_Data in this exercise_

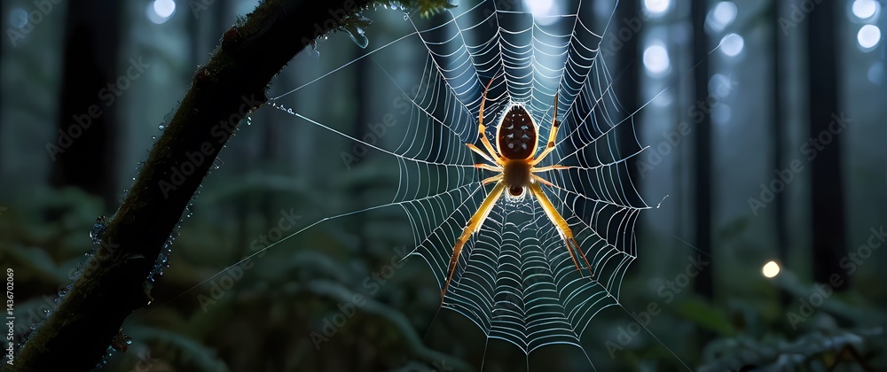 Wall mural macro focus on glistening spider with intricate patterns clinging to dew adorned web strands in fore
---
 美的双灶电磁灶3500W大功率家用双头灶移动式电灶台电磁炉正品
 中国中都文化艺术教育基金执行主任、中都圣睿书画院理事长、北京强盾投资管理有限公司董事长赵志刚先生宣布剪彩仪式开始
...
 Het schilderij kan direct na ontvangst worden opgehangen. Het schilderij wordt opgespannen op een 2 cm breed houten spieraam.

_Activity_
All that belongs in the answer is the run of lines above from the line containing "美的双灶电磁灶3500W大功率家用双头灶移动式电灶台电磁炉正品" through the line containing "中国中都文化艺术教育基金执行", exactly as written.

_Answer for this exercise_
 美的双灶电磁灶3500W大功率家用双头灶移动式电灶台电磁炉正品
 中国中都文化艺术教育基金执行主任、中都圣睿书画院理事长、北京强盾投资管理有限公司董事长赵志刚先生宣布剪彩仪式开始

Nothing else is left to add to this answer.